# New to owning a hedgehog, tips and advice?



## jellybean18 (Feb 2, 2012)

Hi everyone! I'm new to hedgehog central and new to owning a pet hedgehog. I'm so excited  after wanting a pet for so long I came across the idea of a pet hedgehog. After a lot of research I determined a hedgie is the right pet for me  I'm so excited for him to finally come home (he arrives sunday morning, the breeder is delivering him to my house and he will be 8 weeks old) I have all of his things set up and even bought a bunch of extra toys for him whenever he decides he wants something to play with (I got ideas from this forum) As excited as I am for him to come home I'm nervous too... I just want the transition to be easy on him and for him to be happy. Do you have any tips or advice for me? I was also wondering how long I should wait to introduce him to other people? Thank you so much for your time and any advice you have for me


----------



## Lilysmommy (Jan 7, 2009)

My best suggestion is really just to read as much on the forums as you can. The stickies (topics at the top of all of the forum sections) have lots of great information and LizardGirl's book is basically the main information from the forum put into book form - http://www.hedgehogbook.webs.com/

For when he comes home, just try to remember how stressful and new this all is for him. He may be grumpy and stay in a ball. On the other hand, he may not appear to be bothered at all. :lol: But either way, make sure you take it slow at first. Try to leave him alone the first night so he can get settled in to his new home. A few minutes won't hurt, but don't do a marathon bonding session or anything. The next day you can have him out a bit longer, the next day longer, and so on. Having a shirt or a piece of fleece that you've slept with for a couple days in his cage will help too - it will help him associate your scent with good things like being warm and sleeping, and he'll get acclimated to it faster.

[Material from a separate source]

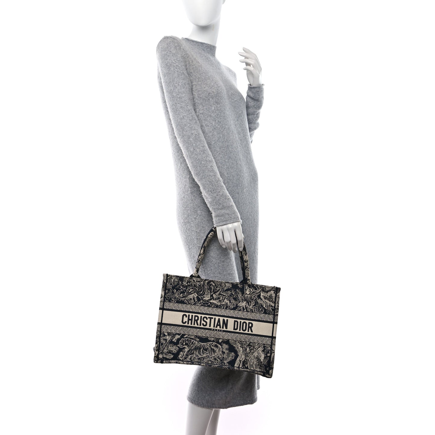 This is an authentic CHRISTIAN DIOR Canvas Embroidered Medium Toile De Jouy Reverse Book Tote in Blue. This stunning tote is finely crafted of embroidered canvas with a bold jungle graphic in blue and white. The bag features matching canvas rolled handles and a CHRISTIAN DIOR logo embroidered across the front. The bag opens to a spacious fabric interior.Follow this item for alerts. Christian Dior is a registered trademark of Christian Dior. FASHIONPHILE is not affiliated with Christian Dior.

I'd wait at least a couple days before you start introducing him to other people. Go by his behavior - if he's still grumpy and shy with you, don't overload him by trying to introduce more people. Make sure once you do start to introduce him to others, that it's one or two people at a time. Having lots of people around, especially if anyone's being loud or moving around a lot, can make them nervous and make the experience a bad one for him.


----------



## Quinn (Apr 24, 2011)

Everything was pretty much covered so I just wanted to say congrats!


----------



## jellybean18 (Feb 2, 2012)

thanks for your replies!  I plan on reading as much as I can from the forum the next few days  and once he gets comfortable with me I'll try and take a picture of him that I can post on here. I was also wondering if there was a time frame that he should be out of his cage to start with? After I give him his privacy for the first night, the second night I want to start handling him and would love to for at least an hour an or so, but would he get too stressed out if I were to play with him that long on the second night?


----------



## MomLady (Aug 14, 2010)

My advice, read all the stickies on this site and LizardGirl's book. 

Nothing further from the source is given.